■ Data block
=-=-=
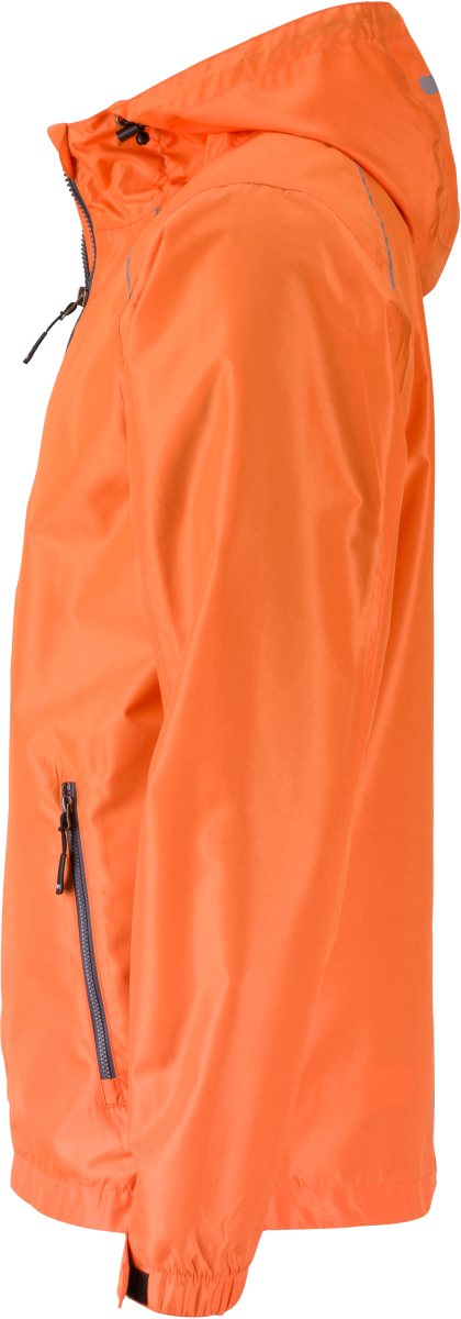 Větruodolná a voděodolná (3.000mm vodní sloupec) s TPU povlakem, prodyšná (1.500g/m2 za 24h), nastavitelná kapuce s elastickou šňůrkou, ochrana brady, 2 boční kapsy se zipem, vnitřní kapsa, podlepené švy, zipy v kontrastní barvě, přístup k zušlechtění na zádech, reflexní detaily (bez ochranné funkce) na kapuci, vpředu a vzadu . Materiál: Vnější strana: 100% polyester, uvnitř: 100% polyester
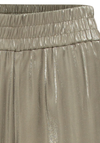Брюки из вискозной ткани создают ощущение воздушности на коже. Удобство благодаря широкому эластичному поясу и двум прорезным карманам.
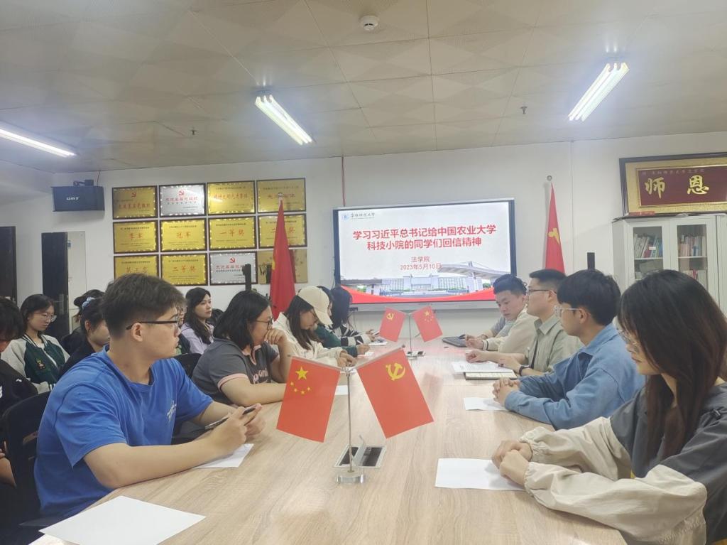 举办学习贯彻习近平总书记给中国农业大学科技小院同学们的回信精神学习研讨会。五四青年节前夕,习近平总书记给中国农业大学科技小院的同学们回信,提出殷切期望,并向全国广大青年致以节日的祝贺。5月10日,法学院举办学习贯彻习近平总书记给中国农业大学科技小院同学们的回信精神学习研讨会,法学院团委负责人李阿康、青年学生代表参加学习研讨。
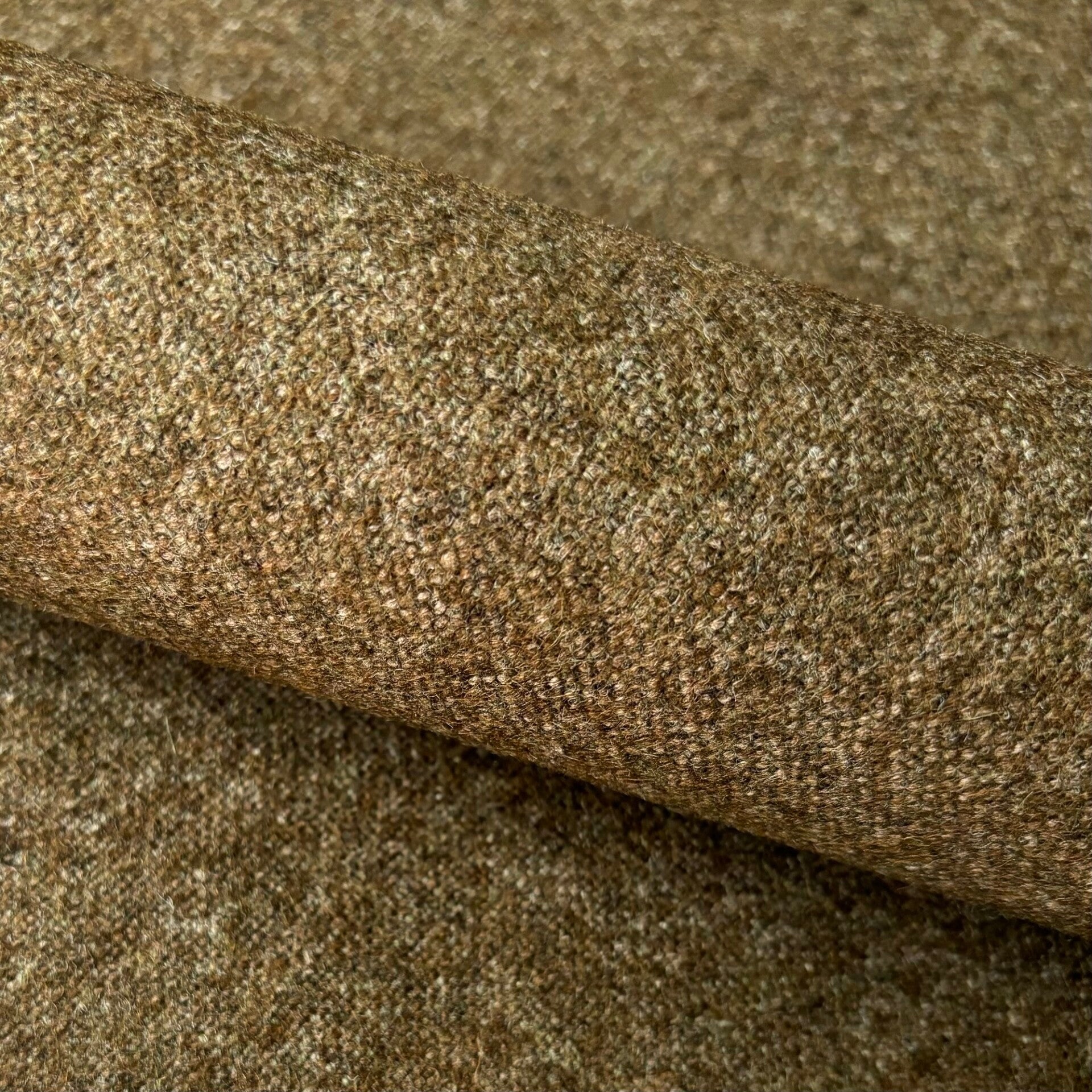 1,25m lang 1,4m breed, 70%wol, 30% viscose, bruin groen creme gemeleerd
=-=-=
■ What you will do
Line by line and exactly, write out the material above. Skip the pictures.

■ Task result
 Větruodolná a voděodolná (3.000mm vodní sloupec) s TPU povlakem, prodyšná (1.500g/m2 za 24h), nastavitelná kapuce s elastickou šňůrkou, ochrana brady, 2 boční kapsy se zipem, vnitřní kapsa, podlepené švy, zipy v kontrastní barvě, přístup k zušlechtění na zádech, reflexní detaily (bez ochranné funkce) na kapuci, vpředu a vzadu . Materiál: Vnější strana: 100% polyester, uvnitř: 100% polyester
Брюки из вискозной ткани создают ощущение воздушности на коже. Удобство благодаря широкому эластичному поясу и двум прорезным карманам.
 举办学习贯彻习近平总书记给中国农业大学科技小院同学们的回信精神学习研讨会。五四青年节前夕,习近平总书记给中国农业大学科技小院的同学们回信,提出殷切期望,并向全国广大青年致以节日的祝贺。5月10日,法学院举办学习贯彻习近平总书记给中国农业大学科技小院同学们的回信精神学习研讨会,法学院团委负责人李阿康、青年学生代表参加学习研讨。
 1,25m lang 1,4m breed, 70%wol, 30% viscose, bruin groen creme gemeleerd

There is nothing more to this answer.